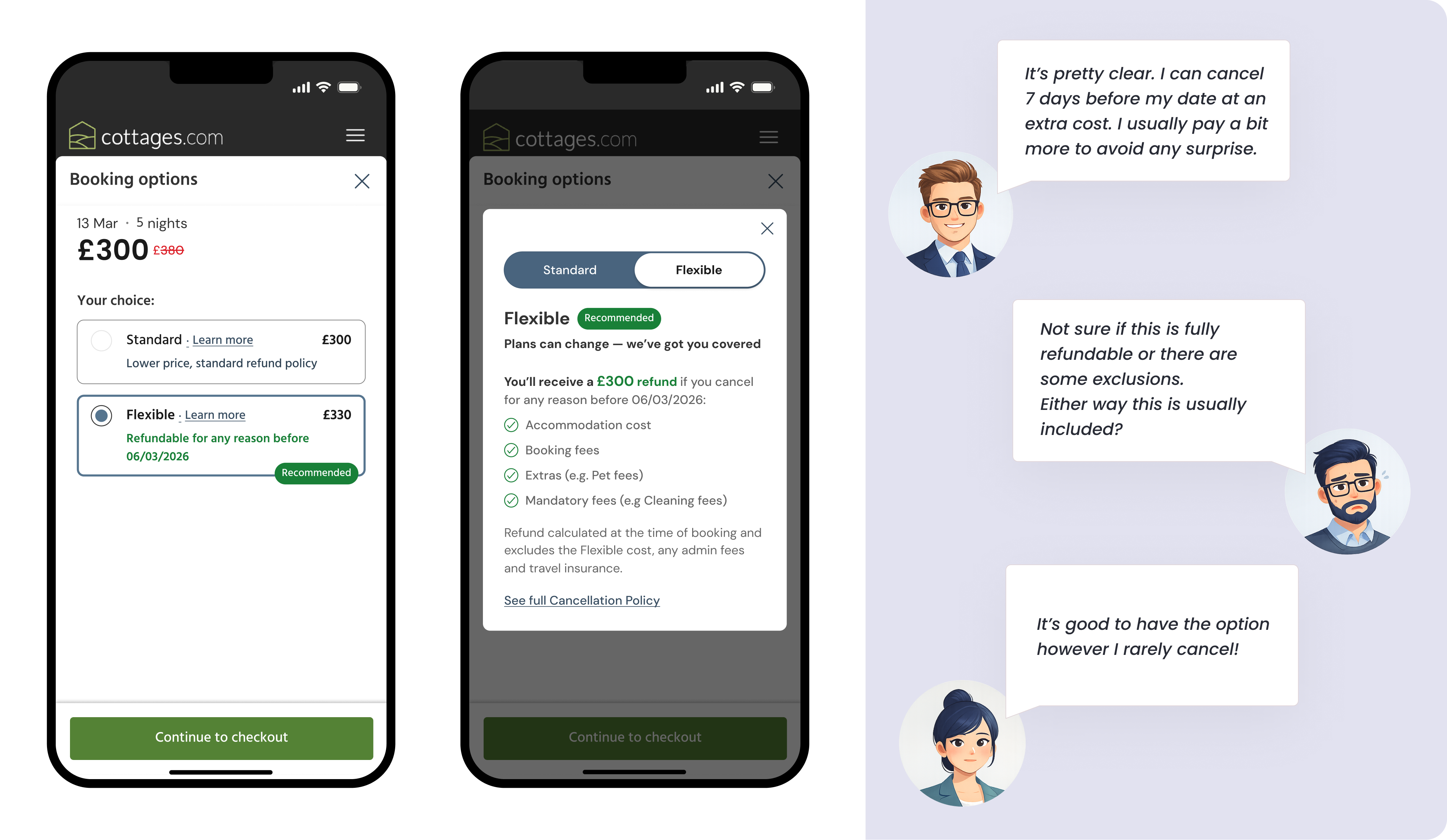 Increase booking confidence by offering a paid Flexible Cancellation option, while growing overall revenue per visitor without causing disproportionate conversion loss.
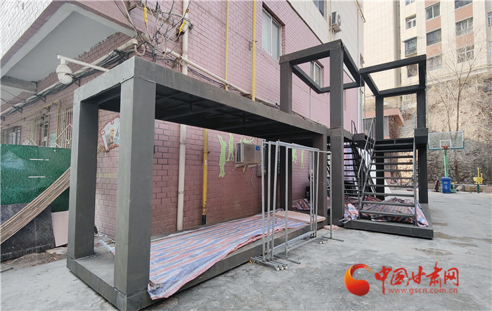 在甘肅省歌劇院辦公樓的西側,一組五米高的兩層鋼架結構赫然出現在記者眼前,這組“大家伙”前后制作了兩三個月時間,光是使用的角鋼就有一兩噸重,而舞臺上極具視覺沖擊力的“九宮格”截面圖,就是通過三組移動支架,儼然拼積木般進行位移組合來完成的。同時,通過位置的偏移,還將實現宿舍、工地、工棚以及生活場景的轉換。
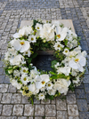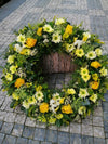 This wreath arrangement can be prepared in various colours of your choice, and garden style as pictured is our favourite. This means we will use several types of small garden flowers (no lillies, callas or big roses). If you however prefer the classics, we will gladly fulfill your wish.
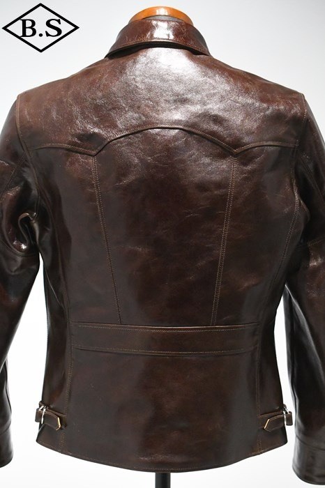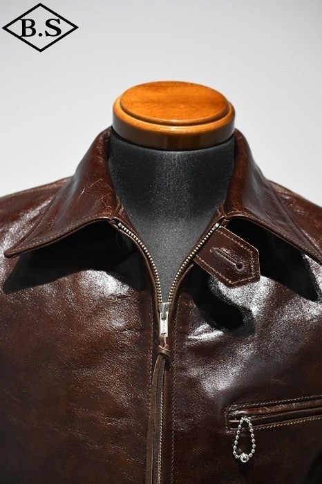 アメリカ小売業大手企業のシアーズ・ローバック社が1930年代にプライベートブランドとして生産した"HERCULES"の襟付きスポーツジャケットを元に馬革素材の仕上げ方法と型紙に拘って製作しました。
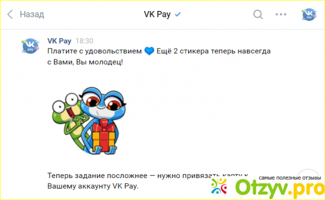 Суть программы - покупаешь товары по акциям, сканируешь чек и возвращаешь часть денег на счет в VK Pay. Плюс - за каждый отсканированный чек дарят прикольные стикеры, которые можно использовать, переписываясь с друзьями. Обычно стикеры так просто нельзя получить, только купить. Еще здесь есть возможность накапливать чекбиты. Но я пока сильно не задавалась вопросом, что к чему. По мере накопления определенной суммы их можно обменять на деньги.

**Problem details**
Beginning at the line that has "This wreath arrangement" and ending at the line that has "アメリカ小売業大手企業のシア", restate the listing above word for word, pictures left out.

**Result below**
 This wreath arrangement can be prepared in various colours of your choice, and garden style as pictured is our favourite. This means we will use several types of small garden flowers (no lillies, callas or big roses). If you however prefer the classics, we will gladly fulfill your wish.
 アメリカ小売業大手企業のシアーズ・ローバック社が1930年代にプライベートブランドとして生産した"HERCULES"の襟付きスポーツジャケットを元に馬革素材の仕上げ方法と型紙に拘って製作しました。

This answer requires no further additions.